If \(f(x)=\mid \begin{array}{ll}n\left(1-x^{2}\right), & x>3 \\ 3 x+1, & x \leq 3\end{array}\) is continuous at \(\mathrm{x}=3\) then value of \(\mathrm{n}\) is: (a) \(2.25\) (b) \(1.25\) (c) \(-2.25\) (d) \(-1.25\)

Short Answer

Expert verified
The value of n that makes the given function continuous at x=3 is \(-1.25\).

Step by step solution

01

Evaluating the function at x=3

For the first case, we have x>3, and for the second case, x≤3. Since we need the value of n when x=3, the second case is relevant. So, we'll evaluate the function when x=3: f(3) = 3(3) + 1 = 10
02

Finding the limit as x approaches 3

Next, we'll find the limit of the function as x approaches 3 from the left and the right.

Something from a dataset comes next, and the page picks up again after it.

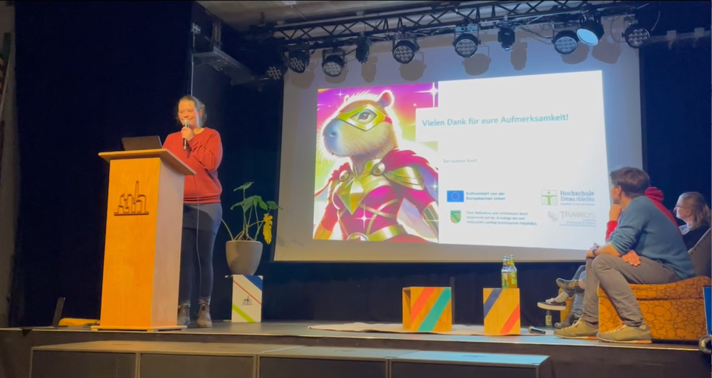Wissenschaftler:innen aus verschiedenen Instituten und Einrichtungen aus Görlitz stellten in 10-minütigen Vorträgen ihre Forschungsthemen vor. Das Publikum wurde so gut unterhalten und bekam unter anderem Einblicke in die wissenschaftliche Arbeit zu Zellulose-Schäumen, der Insekten-Interaktion von Schimpansen und das Görlitzer Probewohnen. Bernadette Rohlf, wissenschaftliche Mitarbeiterin am TRAWOS in der ESF-Nachwuchsforschungsgruppe "Frauenförderung durch individuelle und organisationale Kompetenzen in Bildung und Beruf (MINT)" präsentierte ihre aktuelle Projektarbeit und eine Auswahl von Capybaras.
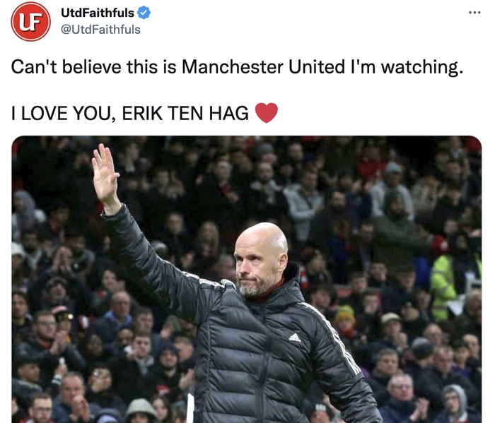 Akun ini menyebut sampai tidak percaya MU menjadi sehebat ini di bawah asuhan Ten Hag. Foto: Twitter

For x≤3, the limit is the same as f(3) because the function is continuous for x≤3: \[\lim_{x\to 3^{-}} f(x) = 10\] For x>3, we'll find the limit as x approaches 3 from the right: \[\lim_{x\to 3^{+}} f(x) = \lim_{x\to 3^{+}} n(1-x^2)\] Since we're interested in the value as x approaches 3, we can substitute x=3: \[\lim_{x\to 3^{+}} f(x) = n(1-3^2)\] \[\lim_{x\to 3^{+}} f(x) = n(-8)\]
03

Equating the limits and solving for n

Now, we have the limit as x approaches 3 from the left and the right. If the function is continuous at x=3, these limits must be equal: 10 = n(-8) We can now solve the equation for n: \[n = -\frac{10}{8}\] \[n = -1.25\] Since n = -1.25, the correct answer is: (d) \(-1.25\)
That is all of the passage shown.